Data files (architecture )
All data in a database are stored in data files. A typical enterprise database is normally composed of several data files. A data file can contain rows from a single table or it can contain rows from many different tables.
Transaction
Any action that reads from or writes to a database. A logical unit of work that must be entirely completed or entirely aborted; no intermediate states are acceptable meaning that no transaction can be partially completed COMMIT is used to end a successful transaction
ACID TEST
Atomicity, consistency, isolation, durability. Each transaction must display these
Explanatory analytics
Focuses on discovering and explaining data characteristics and relationships based on existing data. This uses statistical tools to formulate hypotheses and answer questions about relationships
Predictive analytics
Focuses on predicting future data outcomes with a high degree of accuracy. Uses statistical tools to answer questions about the future.
Data cube
How end users visualize stored data. Data cubes are created by extracting data form the operational databases or from the data warehouse. You cannot change a data cube
Insert values into a table
INSERT INTO <table> VALUES (); - Character and date values must be entered between apostrophes, number values do not need to
Pessimistic locking
The use of locks based on the assumption that conflict between transactions
Slice and dice
In multidimensional terms, the ability to focus on slices of the cube to perform a more detailed analysis. To slice and dice, it must be possible to identify each slice of the cube. To do so, you use the values of each attribute in a given dimension. For example, to use the location dimension, you might need to define a STORE ID to a particular store.
Indexes
These are crucial in speeding up data access because they facilitate searching, sorting, and using aggregate functions An index is an ordered set of values that contains the index key and pointers. An index scan is more efficient than a full table scan because the index data are preordered and the amount of data is usually much smaller. Index when the field appears in a where or having clause, order or group by, high data sparsity, high index selectivity.
Durability
This ensure that once transaction changes are done and committed, they cannot be undone or lost even in the event of a system failure.
Serializability
This ensures that the schedule for the concurrent execution of the transactions yields consistent results. This is important in multiuser and distributed databases in which multiple transactions are likely to be executed at the same time.
Lock gradularity
This indicates the level of lock use. Database lock, table level locking, page level lock, row level low, or field level lock
Consistency
This indicates the permanence of the database's consistent state. A transaction takes the database from one consistent state to another
Inner query/ subquery
This is how you add rows to a table using another table as the source of the data. A subquery/inner query is a query that is embedded inside another query. The inner query is executed first
Isolation
This means that the data used during the execution of a transaction cannot be used by a second transaction until the first one is completed. This is used in multiuser environments because several users access the database at the same time.
Database security officer
This persons job is to ensure database security and integrity. Planning, organizing, and testing of database contingency plans and recovery procedures
Batch update routine (updatable view)
This pools multiple transactions into a single batch to update a master table field in a single operation. For example, used to update a product's quantity on hand based on summary sales transactions.
Data mining
This refers to analyzing massive amounts of data to uncover hidden trends, patterns, and relationships. To use computer models, explain the findings, and then make business decisions. Data warehouses are a good source of data mining operations because the data has already been cleaned.
Periodicity
Time is the most common dimension used in business analysis. Therefore it is very common to have one fact table for each level of aggregation defined within the time dimension.
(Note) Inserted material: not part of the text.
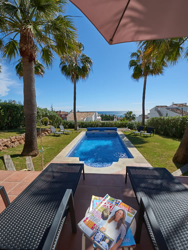 The villa is in a quiet location just a few minutes drive west of Estepona town centre and the marina. For beach lovers it is 10 minutes walk to Arena Beach and the facilities of the 5 star Elba Hotel. The nearby El Cristo beach has a number of chirringitos (beach bars) and is ideal for children of all ages with its gently graded sea. Estepona provides something for everyone. From its many shops, restaurants and bars in the old town to La Rada beach with its golden sand running the full length of Estepona town. Estepona Port is a lovely place to enjoy lunch and watch the world go by.

I/O requests (architecture)
To work with data, the DBMS must retrieve the data from permanent storage and place them in RAM or the data cache. To move data from permanent storage, the DBMS issues I/O requests and waits for replies. Working with data in the cache is faster because you do not have to wait for retrieval.
Extraction, transformation, and loading (ETL)
Tools to collect, filter, integrate, and aggregate internal and external data to be saved into a data store optimized for decision support.
Snowflake schema
Type of star schema in which the dimension tables can have their own dimension tables. The snowflake schema is usually the result of normalizing dimension tables
Union compatible
UNION only works properly if relations are union compatible, which meant the number of attributes must be the same and their corresponding data types must be alike. EX: Char and Varchar are similar, as are number and small integer
Update a value in SQL
UPDATE <table> SET <attribute> WHERE <condition>
Update/delete cascade
Update: this ensures that if you make changes to the table you referenced, the change is updated throughout the entire system Delete: if you delete a value in the table you referenced the change is updated throughout the entire system
Transaction log
Used by a DBMS to keep track of all transactions that update the database. The DBMS uses this information for a recovery requirement triggered by a ROLLBACK statement or to recover the database forward to a consistent state. A transaction log is costly, but the ability to restore a corrupted database is worth it.
GROUP BY in SQL
Used when you have attribute columns combined with aggregate functions in the SELECT statement
Between used in SQL
WHERE <attribute> BETWEEN <> AND <> - can also be used with OR in the where line
Dashboards
Web based technologies to present key business performance indicators or information in a single integrated view, generally using graphics that are clear concise, and easy to understand
Systems administrator
When a business has several incompatible DBMS to support different operations, the company might have one DBA assigned to each DBMS. The coordinator of all of the DBAs is called the system administrator
Inconsistent retrievals
When a transaction accesses data before and after one or more other transactions finish working with the data. The transaction might read some data before they are changed, thus yielding inconsistent results
Lost update problem
When two concurrent transactions are updating the same data element and one of the updates is lost or overwritten by the other transaction
Uncommitted data
When two transactions are executed concurrently and the first transaction is rolled back after the second transaction has already accessed the uncommitted data
Recursive join
When you join a table to itself
IN subqueries
When you want to compare a single attribute to a list of values, you use the IN operator in the sub query.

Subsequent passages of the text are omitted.